In this work, we only utilize the aggregate data to study the travel delay, and the individual information cannot be revealed from our data. Any sensitive information has been removed before conducting this project. We confirm that informed consent was obtained from all subjects and/or their legal guardian(s). For example, before the data were collected, all passengers and drivers have been notified that their transportation card data or commercial vehicle GPS data will be collected for the billing and mobility systems management purposes including understanding mobility system performance and improving mobility services.
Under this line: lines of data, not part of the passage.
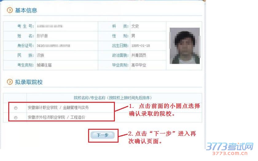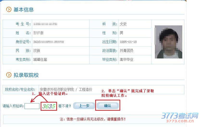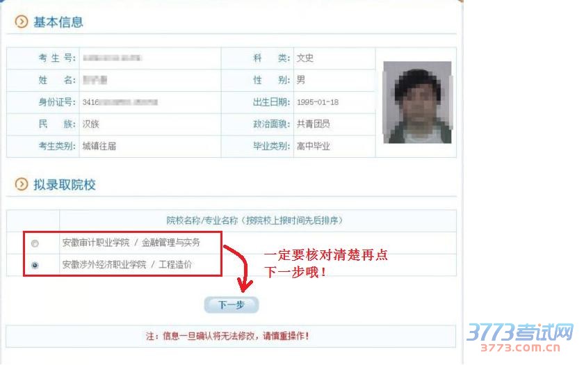 2. 用自己设定的密码重新登录,进入录取院校确认界面:
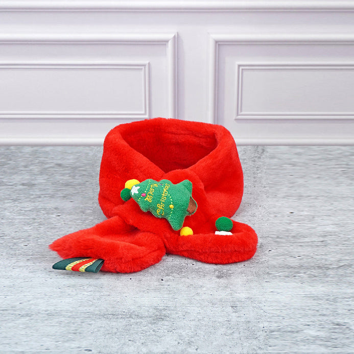 2Pcs White & Red Tree Christmas Themed Winter Cap Beanie With Matching Long Style Neck Muffler | 3-10 Years
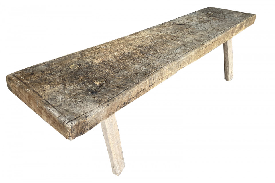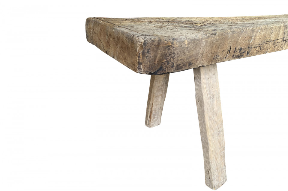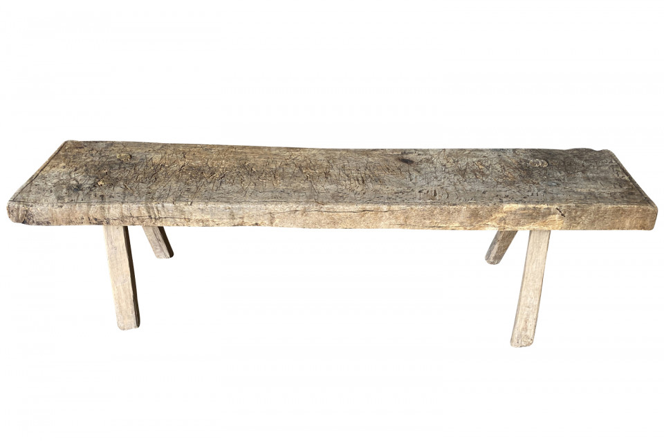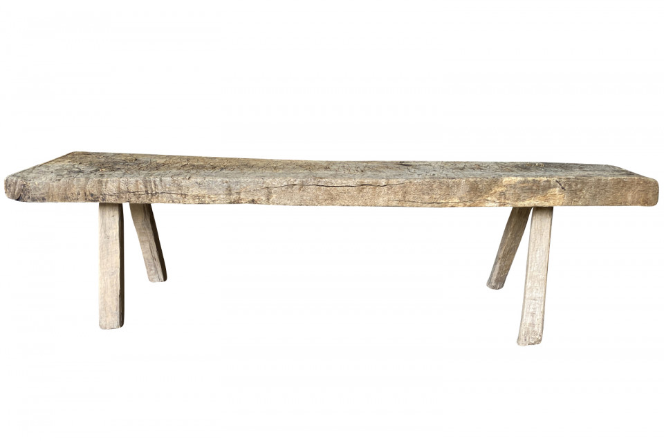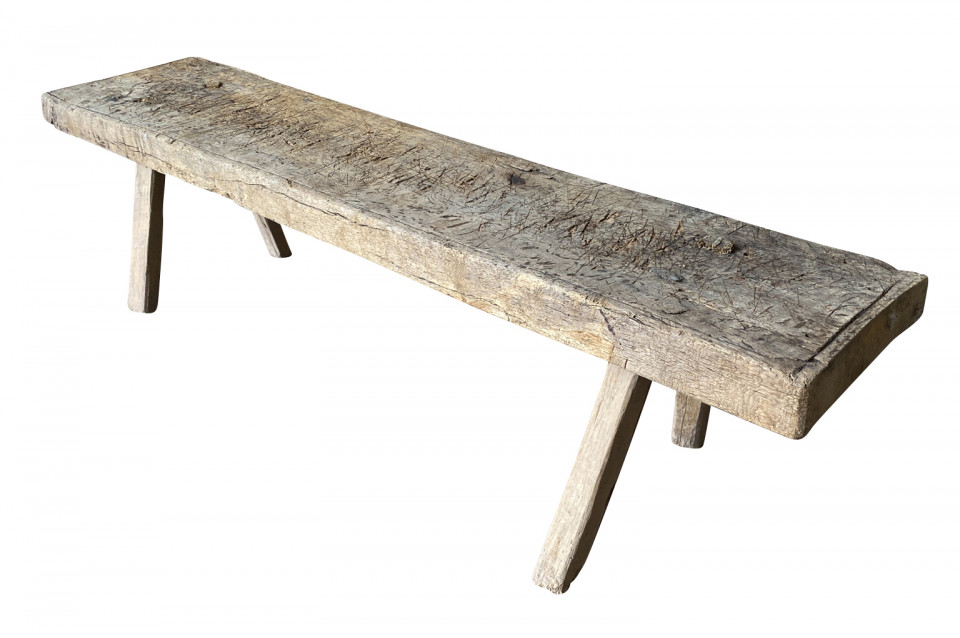 A primitive 19th century Bench - Coffee Table from the Catalan region of Spain. Soundly constructed from naturally washed oak with a solid board top and slightly splayed legs. Super patina and graining.
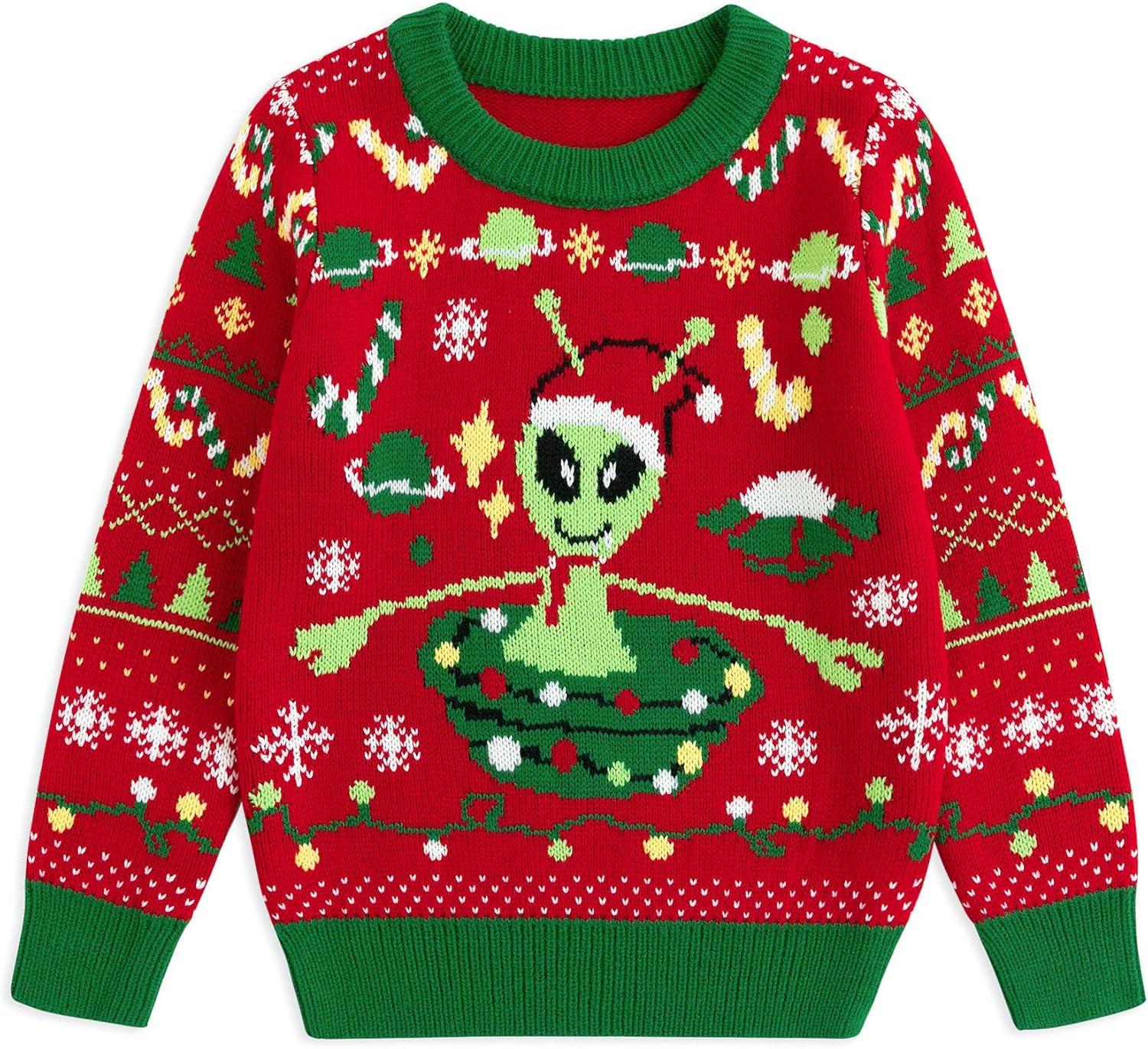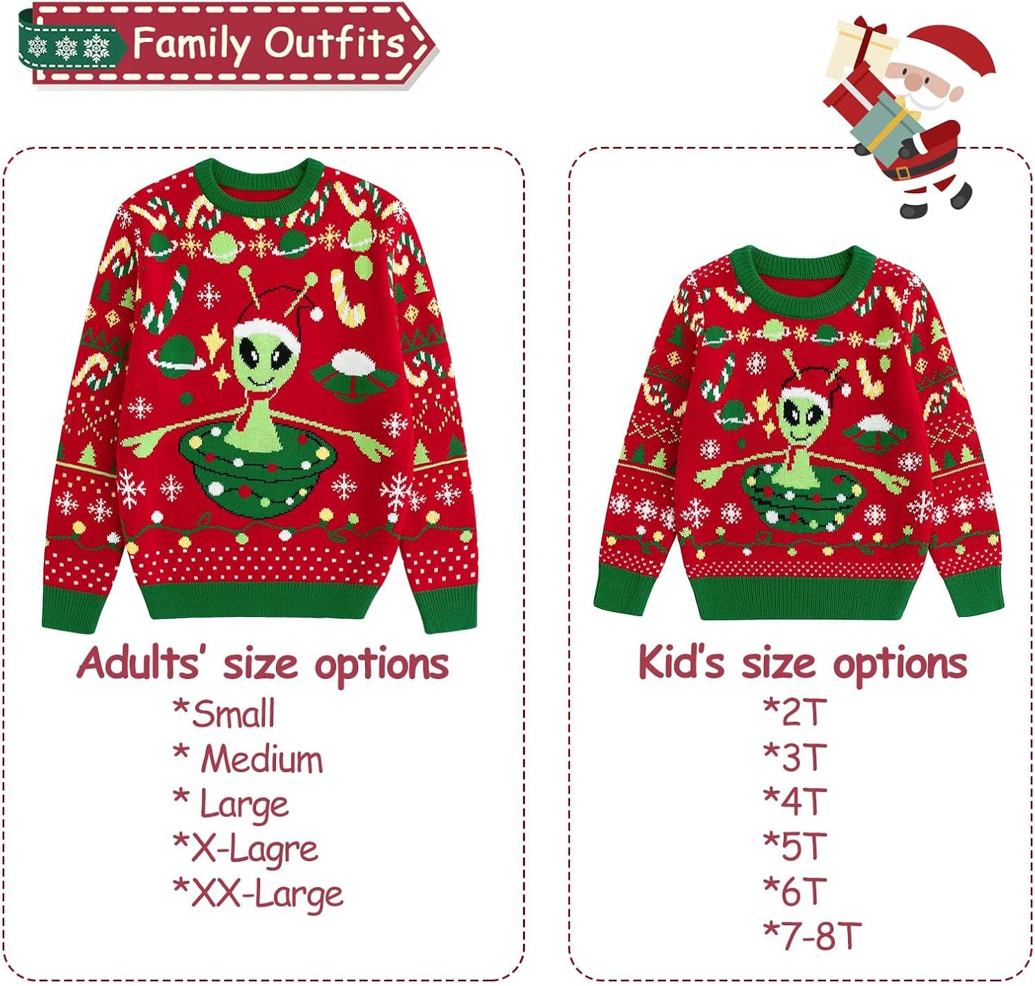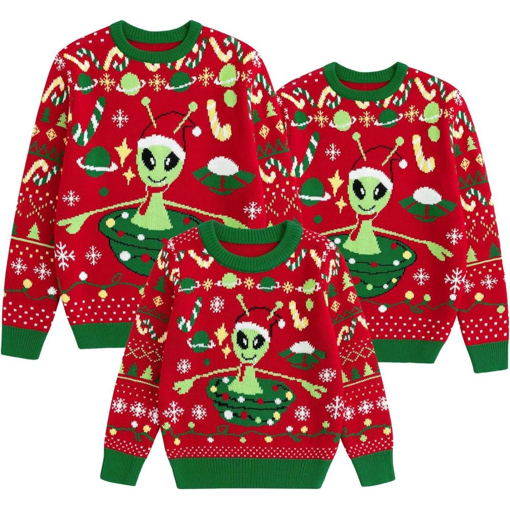 Simplee kids Family Matching Christmas Sweaters Xmas Print Ugly Funny Jumper Holiday Pullover Tops(A-red-alient)
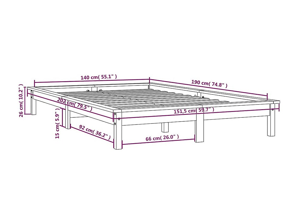 Cadre de lit sans matelas blanc 140x190 cm bois de pin massif
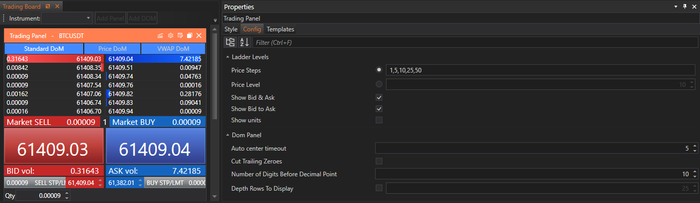 The Config Tab in FinStudio's Tradingboard Trade Panel is an essential tool for traders seeking to optimize their trading interface to better suit their trading habits and market strategies. By offering detailed control over various parameters and behaviors of the trading panel, including ladder levels and DoM settings, this tab not only enhances the functionality of the trading environment but also increases its adaptability to meet individual trader needs. This level of customization ensures that traders can effectively manage their trading activities, contributing to better decision-making and ultimately more successful trading outcomes.
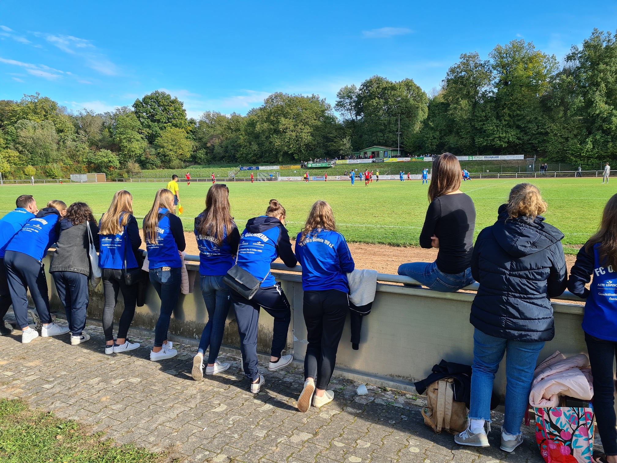 Vor guter Kulisse, darunter auch unsere FCO-Damenmannschaft, die „13 Damen stark“ bereits zuvor die 2. Mannschaft unterstützt hatte (siehe Foto unten. Das Zusammengehörigkeitsgefühl in unserem Verein ist einfach mega!), startete unsere Elf eine starke Anfangsoffensive. Nach gutem Zusammenspiel von Marvin Wagner und Kilian Lamsfuß kam Neuberger in der 4. Minute zu einem ersten Torabschluss, den der Neudorfer Keeper jedoch sicher meisterte. Die erste dicke Möglichkeit in Minute 6, als nach einem schönen Spielzug der von Beginn an sehr agile und mit neuer schnittiger Frisur auffallende Mohammed R.S. Wadi über links durchgebrochen war und das Spielgerät mit Schmackes nach innen beförderte. Dieses verpasste der mitgelaufene Neuberger am Fünfmeterraum nur um Zentimeter. In Minute 10 eine gute Flanke von Nahed J.Y. Iqtifan auf den Kopf von Nico Sinibaldi, der das Tor jedoch verfehlte. In der selben Minute dann auf der Gegenseite zdie u diesem Zweitpunkt wie aus dem Nichts plötzlich große Möglichkeit für die Gäste, als der Ball, aus ca. 17,18 Metern abgefeuert, an den linken Torpfosten klatschte. Durchatmen … Unsere Elf jedoch weiterhin am Drücker und mit weiteren Vorstößen, die zumindest zunächst noch nicht den erhofften Erfolg einbrachten. Eine weitere sehr gute Möglichkeit bot sich in Minute 18, als Manuel Deponte nach einer Ecke nochmals zur Flanke gekommen war und Kracker zentral zum Kopfball. Mit den Fingerspitzen lenkte Neudorfs starker Keeper den Ball um den Pfosten.Die nächste Deponte-Ecke fand am langen Pfosten den Kopf von Hodecker, der links am Tor vorbeiköpfte. Zwischen den Minuten 25 und 30 ein kurzes Aufflackern der Gäste, die hier kurzzeitig ein Übergewicht besaßen und uu zwei Chancen kamen (28., 29.). In beiden Szenen bekam unsere Defensive den Ball nicht richtig weg. In Situation 1 landete die Kugel gar im Netz, der Treffer wurde wegen einer Abseitsstellung jedoch aberkannt. In Situation 2 tankte sich ein Neudorfer über die linke Seite parallel zur Toraußenlinie durch und setzte seinen Abschluss aus spitzem Winkel ans Außennetz. Mit einer ganz starken Defensivaktion erkämpfte sich Iqtifan in der 34sten den Ball und steckte auf den perfekt einlaufenden Wadi durch, der jedoch wegen Abseits zurückgepfiffen wurde – umstritten. Doch auch Neudorf war inzwischen besser im Spiel und Deponte konnte in der 36. Minute in höchster Not gerade noch im letzten Moment klären – dies aber richtig stark. Sofort lief der Odenheimer Konter und Lamsfuß zog aus spitzem Winkel ca. 2 Meter nebens Neudorfer Tor ab. Die Zuschauer sahen gerade in Hälfte 1 eine sehr muntere und aus Sicht des Berichterstatters gutklassige Kreisligapartie, in der unser FCO dann in Minute 41 die riesige Doppelmöglichkeit zur Führung besaß. Wadi steuerte in großen Schritten allein aufs Gästetor zu, blieb beim Umkurven des Torhüters jedoch an diesem hängen. Den Nachschuss brachte Neuberger aufs Tor, der wirklich starke Neudorfer Keeper war jedoch schon wieder zurückgeeilt und parierte auch diesen Schuss stark. Als man schon mit einem torlosen Pausenremis rechnen musste, dann in Minute 45 nochmals Einwurf für unsere Viktorianer. Lamsfuß brachte diesen weit in den Strafraum, wo Kracker hochstieg und den Ball entscheidend verlängerte. Am langen Pfosten lauerte Neuberger, nahm die Kugel kurz an und vollendete zur umjubelten 1:0-Führung.
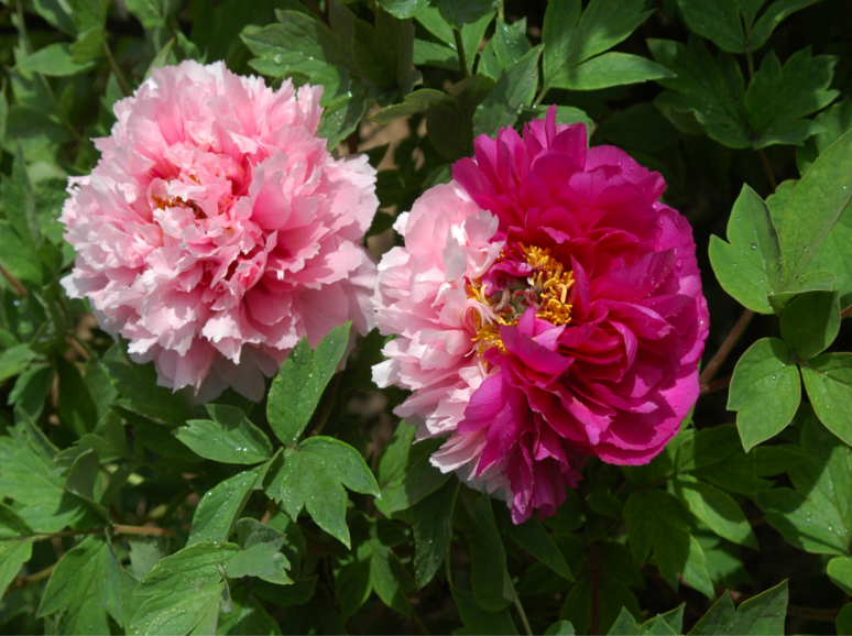 Саженцы пиона древовидного Сестры Киао (Paeonia Suffruticosa Hua er qiao) удивят даже опытных садоводов своей необычной окраской. Высота взрослого растения превышает 1,5 метра. Красивые листья ярко-зеленого цвета с темными прожилками, рифленые. Цветет в июне месяце на протяжении 3-4 недель. На каждом растении вырастает от 30 до 45 бутонов, которые распускаются друг за другом на протяжении всего периода цветения. Махровые пышные цветки средней величины, достигают 16 сантиметров. Желто-золотистая серединка цветка скрыта за волнистыми лепестками, которые плотно прилегают друг к другу. Цвет пиона очень удивительный - одна сторона - бело-розовая, другая - ярко-розовая, практически малиновая. Предпочитает хорошо дренированные почвы, удобренные фосфором и калийными удобрениями.
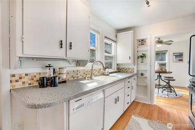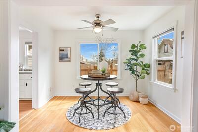 Charming and cozy, this move-in ready home blends comfort and convenience in Tacoma’s vibrant 6th Ave district. Fresh interior paint and fir floors set a warm tone, while the light-filled living room with a gas stove creates an inviting place to unwind. A formal dining room flows into the kitchen with generous storage and prep space. The primary bedroom features a walk-in closet, while the second bedroom flexes as a guest room or home office. A utility room, full bath, and abundant storage add everyday ease. Outside, the fully fenced backyard with deck and garden space creates a private outdoor retreat. Stroll to Tacoma’s beloved restaurants, coffee shops, bars, and boutiques, with Proctor and the University of Puget Sound just blocks away.
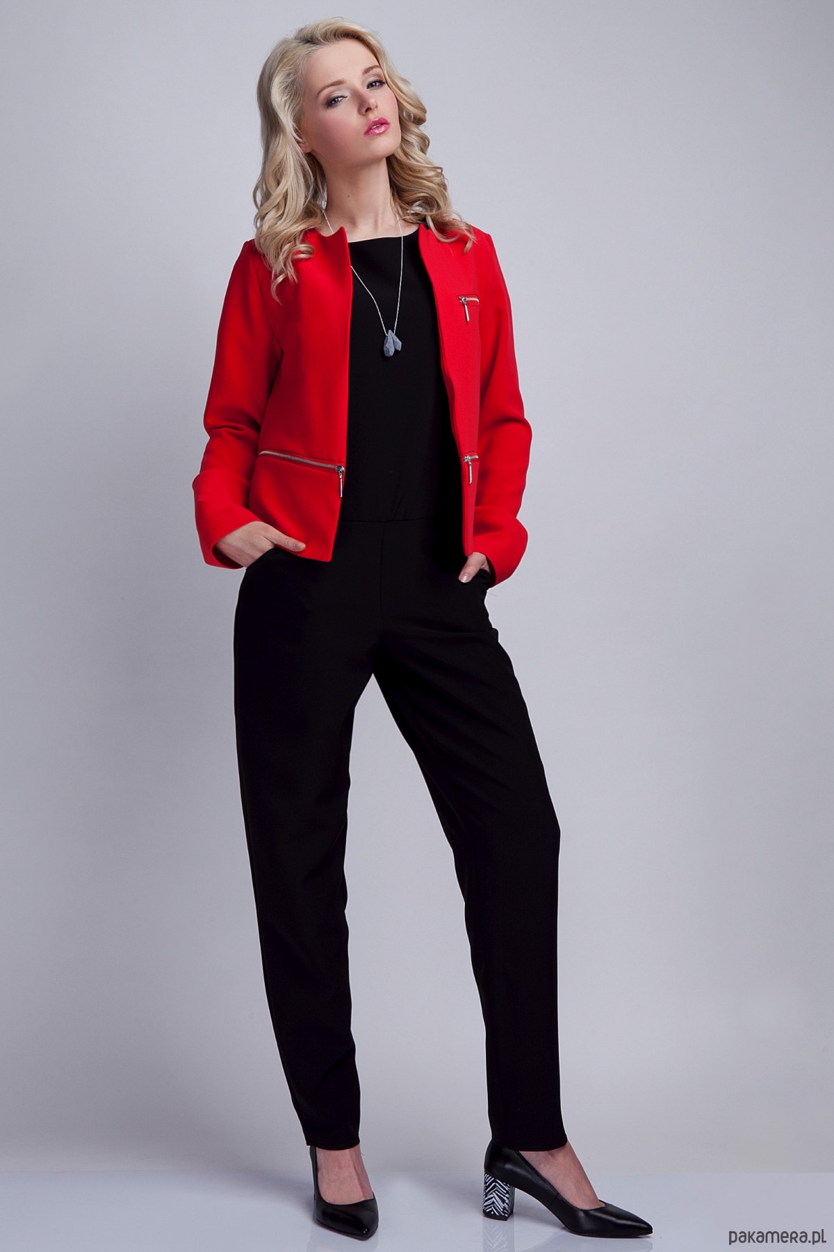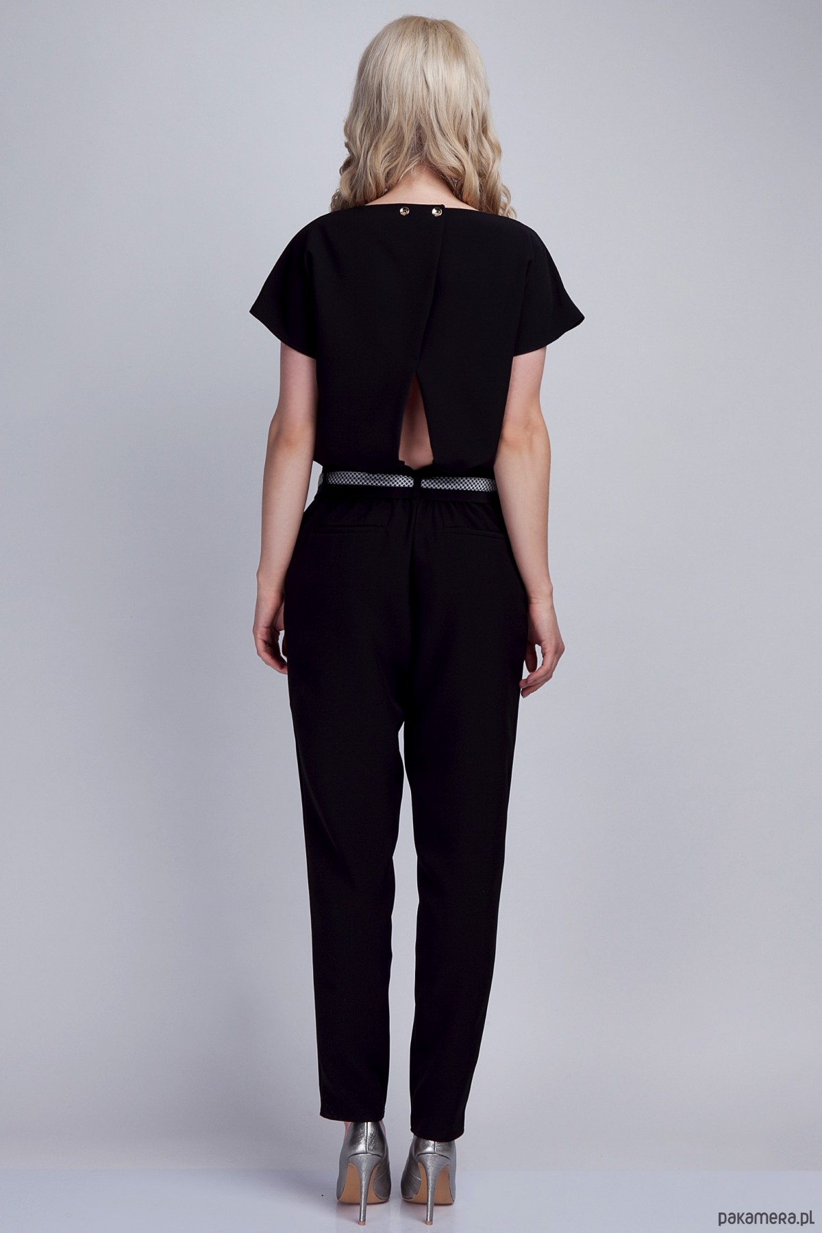 Elegancki kombinezon z oryginalnym rozcięciem na plecach, które seksownie odsłania plecy. Ozdobna szarfa w talii, praktyczne boczne kieszenie. Fason, który sprawdzi się zarówno na co dzień, jak i na specjalne okazje. Tkanina Premium.

We confirmed that all methods were performed in accordance with relevant guidelines and regulations. We confirmed that all experimental protocols were approved by the Institutional Review Board of School of Software Engineering, University of Science and Technology of China.

Conclusion

In this paper, we quantify, measure, and understand long-term multi-modal travel delay based on a 5-year multi-modal mobility dataset in Chinese city Shenzhen. Our measurement study utilizes a dataset of 8 million residents from 4 transportation modalities spanning 5 years from 2013 to 2017, which, to our knowledge, has not been studied before due to limited data access. Through our measurement, we found: (1) the aboveground system has a higher delay increase overall than that of the underground system but the increase of it is slow down; (2) the underground system infrastructure upgrades decreases the aboveground system travel delay increase in contrast to the increase the underground system travel delay caused by the aboveground system infrastructure upgrades; (3) the travel delays of the underground system decreases in the higher population region and during the peak hours.